# Nested Rational Interval - Prove it doesn't contail any Rational Point

• Apr 14th 2009, 06:08 AM
aman_cc
Nested Rational Interval - Prove it doesn't contail any Rational Point
This is rather elementary but I'm struggling with a formal prove:

Consider this closed nested interval with Rational end points, the usual definition are:

Closed nested interval [an,bn] where an,bn belong to Q
sqr(an) < 2 < sqr(bn)
and [an+1,bn+1] is subset of [an,bn]

Prove the there is no x (in Q) which belongs to this nested interval.

Thanks

PS: Also if someone can tell me if there is a way use mathematical symbols and notations in your post
• Apr 14th 2009, 12:11 PM
aleph1
Entering mathematical symbols
Quote:

Originally Posted by aman_cc
PS: Also if someone can tell me if there is a way use mathematical symbols and notations in your post

This should get you started:

http://www.mathhelpforum.com/math-he...-mathtype.html
• Apr 21st 2009, 09:56 PM
Quote:

Originally Posted by aleph1
This should get you started:

Infact if you want to get started you should read the first sticky thread's
attachment. Latex Help

The whole subsection in the above link is dedicated for that purpose.You can ask any question about it.
• May 4th 2009, 11:09 AM
aleph1
Quote:

Originally Posted by aman_cc
This is rather elementary but I'm struggling with a formal prove:

Consider this closed nested interval with Rational end points, the usual definition are:

Closed nested interval [an,bn] where an,bn belong to Q
sqr(an) < 2 < sqr(bn)
and [an+1,bn+1] is subset of [an,bn]

Prove the there is no x (in Q) which belongs to this nested interval

It took me a while to find a formal answer to this simple problem.

From the nested interval theorem, the intersection of nested closed intervals is a singleton set, or another closed interval. Continue selecting nested closed intervals until the intersection is a singleton set. This smallest intersection interval consists of three points, the rational closing points and an interior singleton point. The rationals are not continuous. The singleton point cannot be rational.

(response inspired by posting http://www.mathhelpforum.com/math-he...30-post10.html)
• May 5th 2009, 02:47 AM
aman_cc
Thanks, but by assuming Rationals are not continous aren't we somewhere using what we have to prove. I feel so.
Thanks
• May 5th 2009, 06:47 AM
aleph1
Quote:

Originally Posted by aman_cc
Thanks, but by assuming Rationals are not continous aren't we somewhere using what we have to prove. I feel so.
Thanks

I am not sure what proofs and definitions you have at you disposal to work on this.

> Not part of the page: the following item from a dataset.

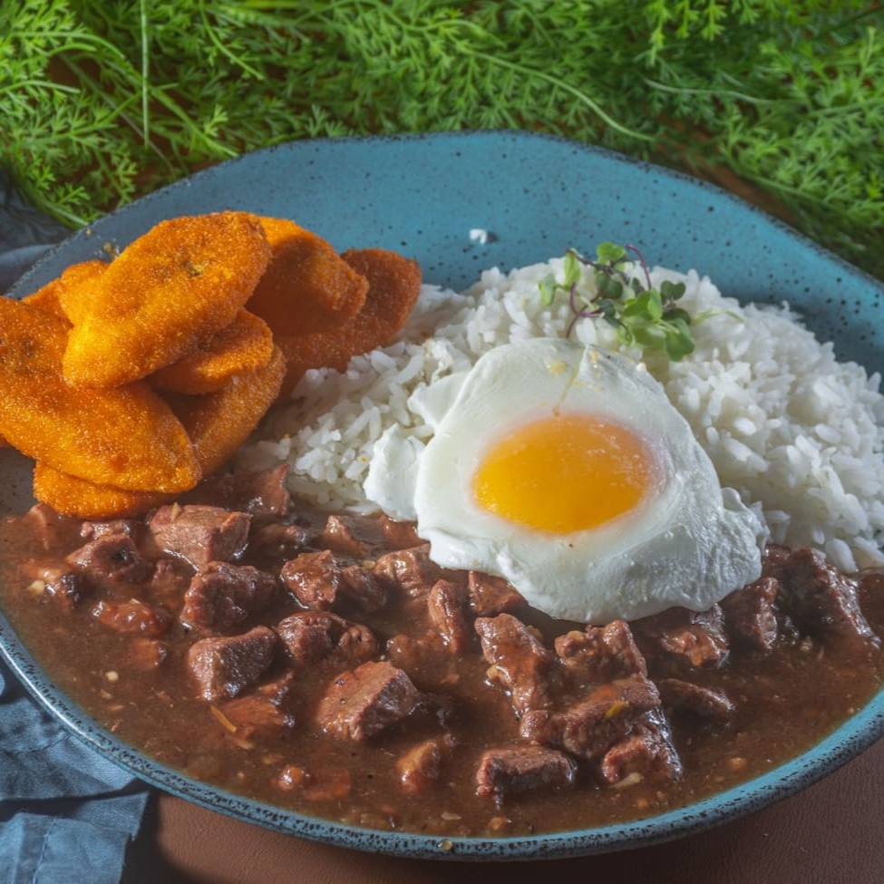 Descubra o sabor autêntico e saudável com nosso Picadinho Natural. Pedaços de filé mignon cozidos, ovo poché, arroz branco e fatias de banana empanada na farinha urucum. Aproveite essa maravilha com o Natural!

Here is a discussion of the Dirichlet function that shows that it is possible to find an irrational number as close as desired to a rational number. Possibly the article's provided δ ε approach will show you how to prove what you need.
• May 5th 2009, 06:49 AM
HallsofIvy
You don't need to use "rationals aren't continuous". (In fact, only functions are continuous. What is meant is that "no non-singleton set in the set of rationals is connected".)

As aleph1 said, the intersection of any such collection of intervals consists of a single point. It should be obvious from $\displaystyle \sqrt{a_n}< \sqrt{2}<\sqrt{b_n}$ that $\displaystyle \sqrt{2}$ is in everyone of those intervals and so in the intersection. Since there is only one point in the intersection, that point is $\displaystyle \sqrt{2}$ which is not rational.